- Goss Goss
- Coordinates: 31°21′19″N 89°53′19″W﻿ / ﻿31.35528°N 89.88861°W
- Country: United States
- State: Mississippi
- County: Marion
- Elevation: 194 ft (59 m)
- Time zone: UTC-6 (Central (CST))
- • Summer (DST): UTC-5 (CDT)
- GNIS feature ID: 670553

= Goss, Mississippi =

Unincorporated community in Mississippi, US

Goss (also known as Prine or Rogers) is an unincorporated community in Marion County located 8 miles northwest of Columbia.

==History==
Goss was named for its first postmaster, Dr.
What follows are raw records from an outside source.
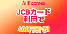 AliExpressで4,000円(税込)以上のお買い物時、JCBカードを利用すると400円引き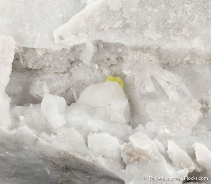 This is a Quartz with Sulfur in Marble (Old classic) from Carrara, Massa-Carrara Province, Tuscany, Italy. Here is a very rare and interesting Quartz specimen from the Carrara marble quarries in Italy, valuable mines that have been almost continually worked since Roman times.Data last checked on 28th Jan 2026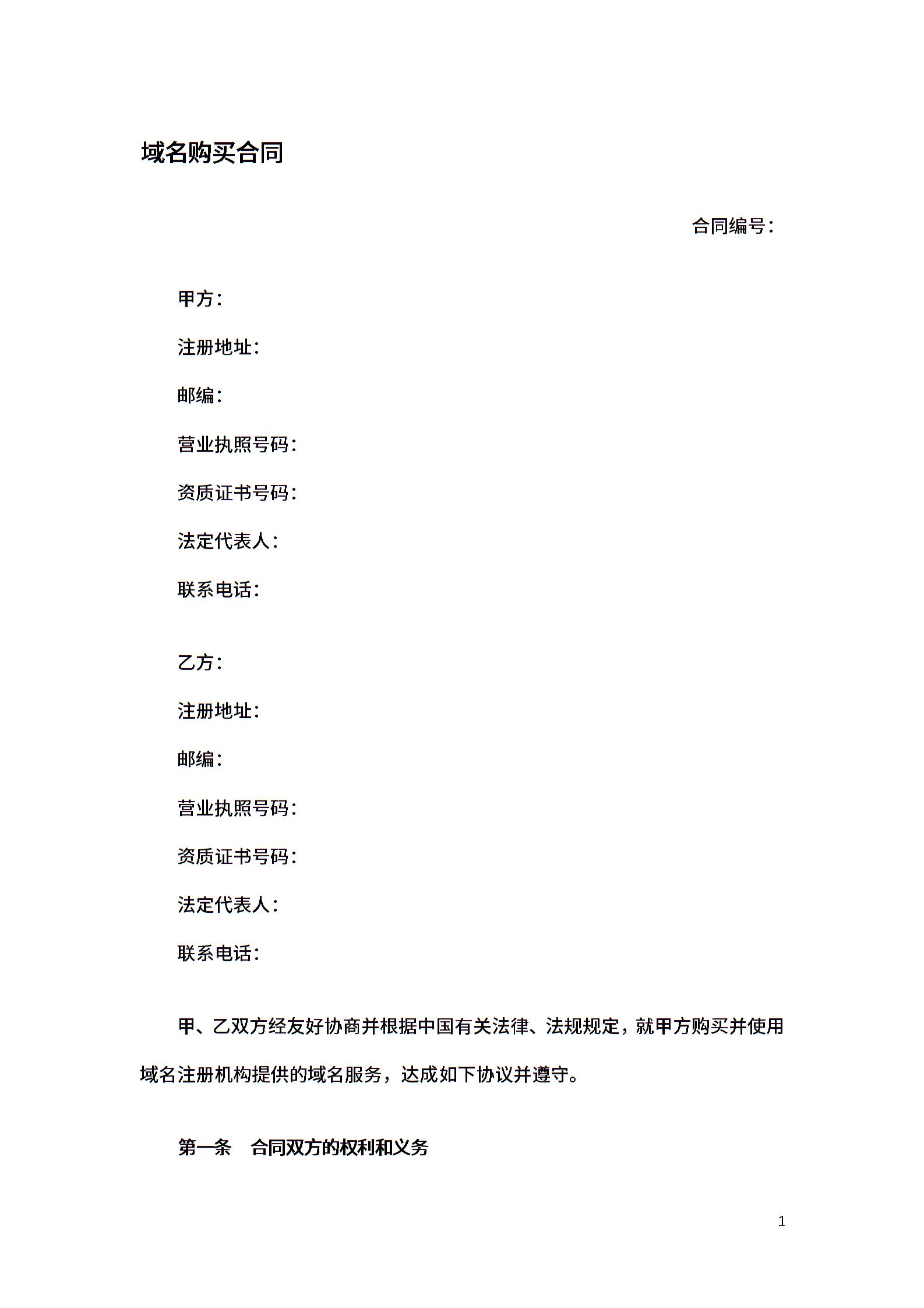 域名购买合同
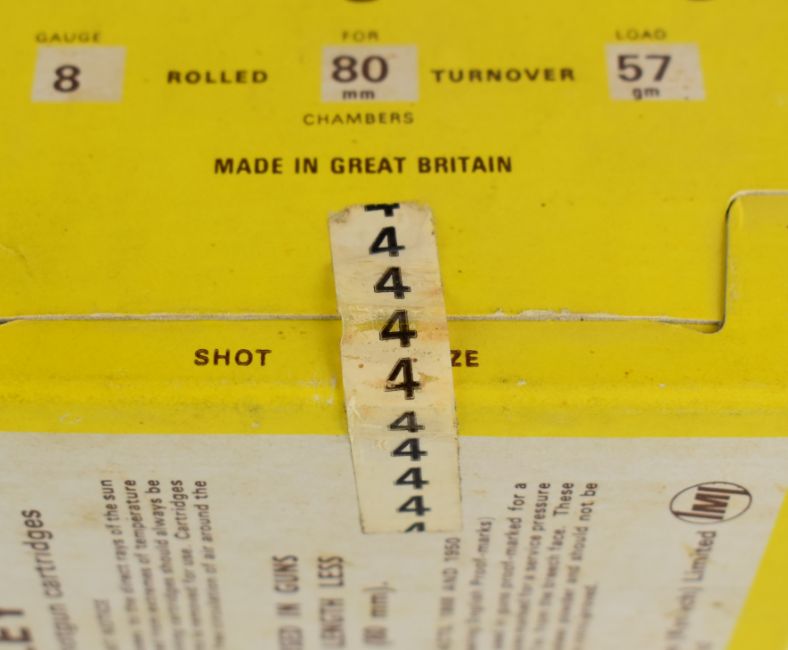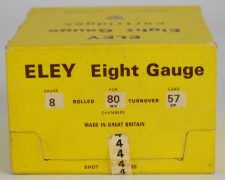 Twenty five 8 bore Eley Rolled Turnover Smokeless Non-Corrosive Water-Resisting 2oz shotgun cartridges, in original box. PLEASE NOTE THAT A VALID RELEVANT SHOTGUN CERTIFICATE IS REQUIRED TO VIEW OR PURCHASE THIS LOT AND FOR ALL SHOTGUNS, RIFLES OR AMMUNITION PLEASE ENSURE YOU HAVE THE RELEVANT CERTIFICATE BEFORE BIDDING. PLEASE ALSO NOTE THAT AMMUNITION CANNOT BE SENT IN THE POST.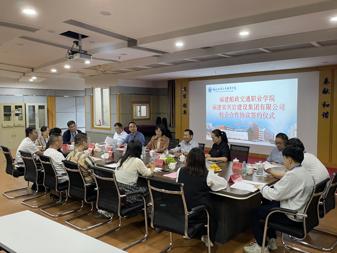 2022年10月20日下午,為了深入推進(jìn)產(chǎn)教融合、校企合作,提升人才培養(yǎng)質(zhì)量,福建船政交通職業(yè)學(xué)院與福建省興巖建設(shè)集團(tuán)有限公司舉行校企合作協(xié)議簽訂并授牌儀式。本次簽約授牌儀式在創(chuàng)新樓1007舉行,出席的企業(yè)代表有總經(jīng)理葉永斌、副總經(jīng)理張麗嬪、總工程師鄭東明等其他企業(yè)部門負(fù)責(zé)人,校方代表有張祖柱副院長(zhǎng),土木工程學(xué)院黨政領(lǐng)導(dǎo)及專業(yè)帶頭人。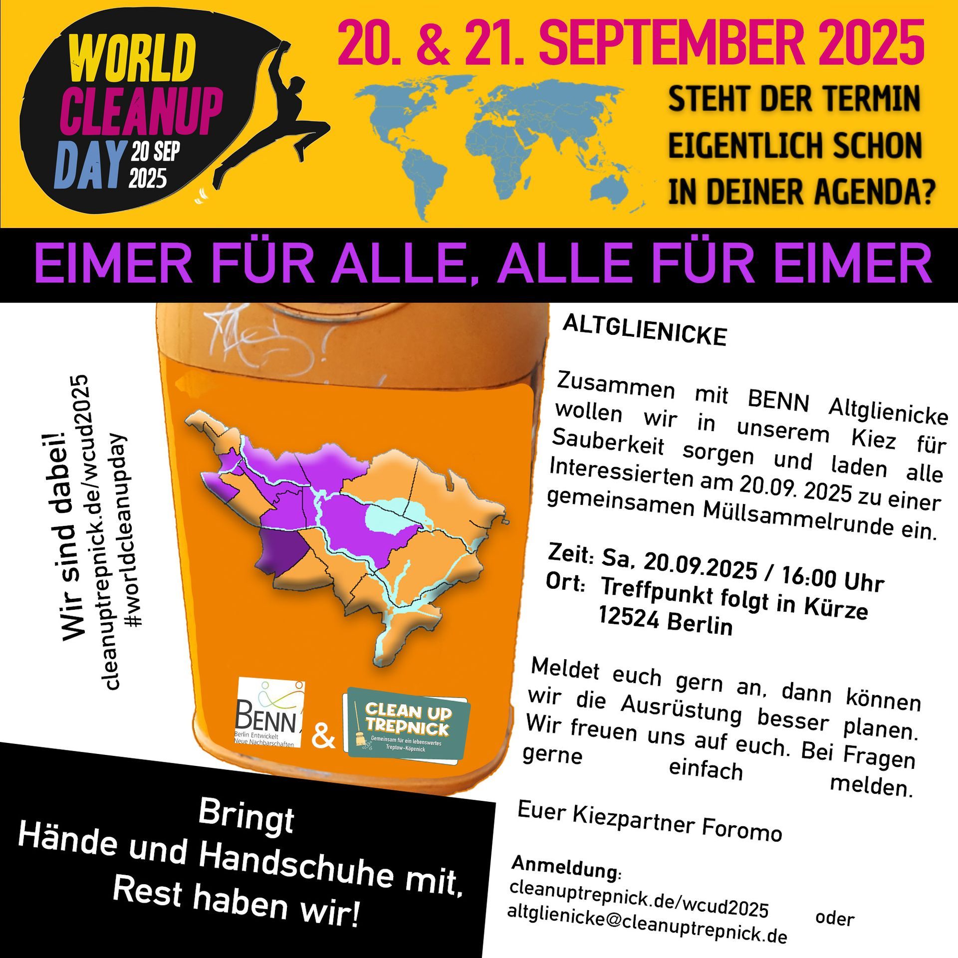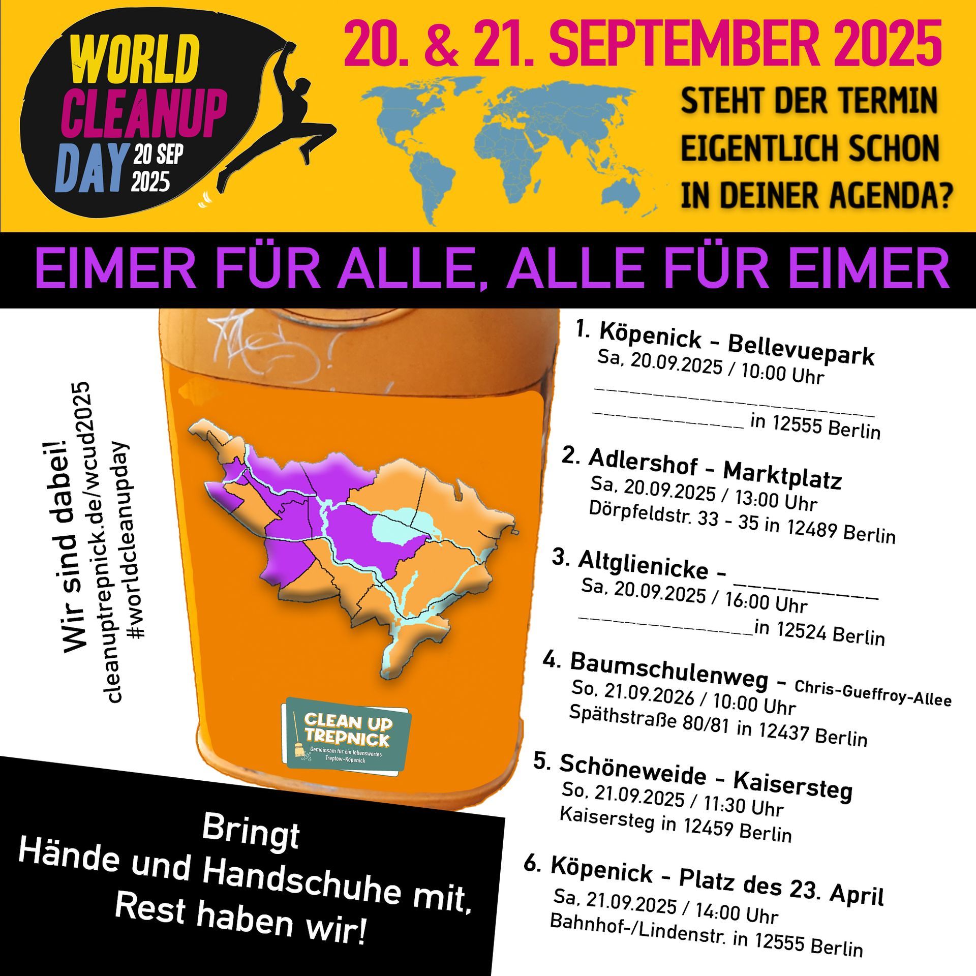 Nachstehend bereits die ersten Anhaltspunkte für die Müllsammelaktionen unserer Kiezpartner in Treptow-Köpenick. Es sind noch nicht alle Details geklärt, das geschieht jedoch im Laufe der kommenden Wochen. Weiter unten könnt ihr euch dann für eure Wunschaktion(en) anmelden. Das hilft uns bei der Planung und Vorhaltung von ausreichend Sammelmaterial.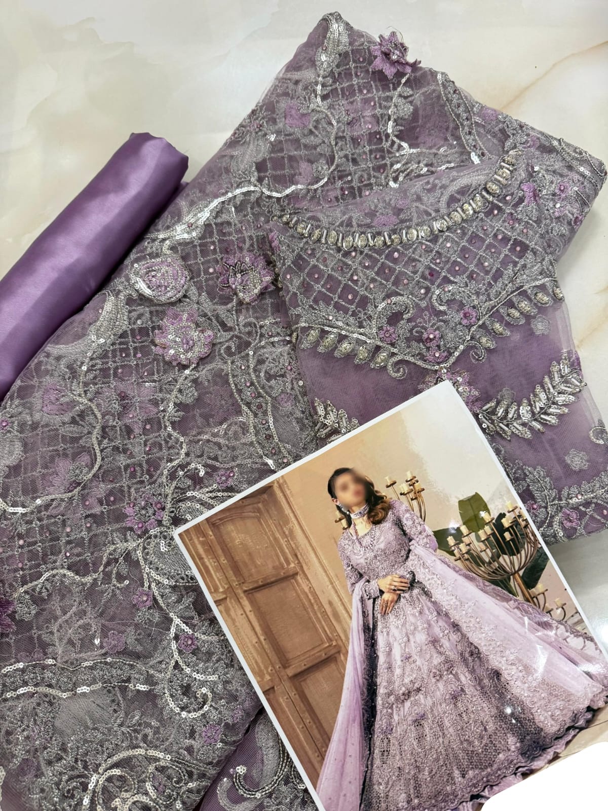 *Detailing*: thread , tila & sequence embwork + stone on it.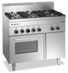 Piano 6 feux vifs profondeur 600 sur four gaz, équipés de thermostat de sécurité, thermocouple, brûleur pilote pour l'allumage automatique.
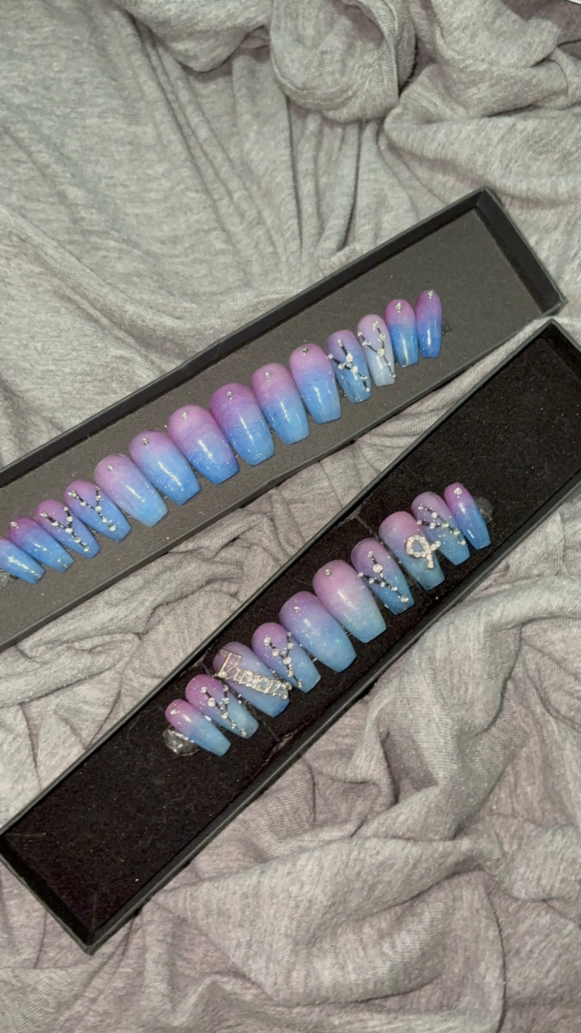 Celebrate your zodiac in style with these stunning blue-to-purple ombré nails, inspired by the Taurus sign. Elegant, vibrant, and full of personality, this set is perfect for anyone looking to show off their starry-side flair.

Zeno Goss, who established a post office in 1891 or 1895. Doctor Goss practiced medicine in the area, and was known for having fought as a Confederate soldier in the Battle of Shiloh. The town is currently situated along the route of a decommissioned Illinois Central rail line, running parallel to Mississippi Highway 13. The rail line was originally established as the Columbia, Lumberton & Gulf Railroad in 1894, and, when the line expanded circa 1900 as the Gulf and Ship Island Railroad, it included service near Goss at milepost 100.32, which spurred the development of lumber and sawmill industries over the years. The W. B. Brown Lumber Company, Newsom Brothers & Buckley Lumber Company, and Bunker Hill Lumber Company operated lumber mills in Goss. In 2011, Georgia Pacific closed their lumberyard in Goss.

In 1900, Goss had a population of 28.

A post office operated under the name Goss from 1891 to 1956.

Goss is served by the Columbia School District.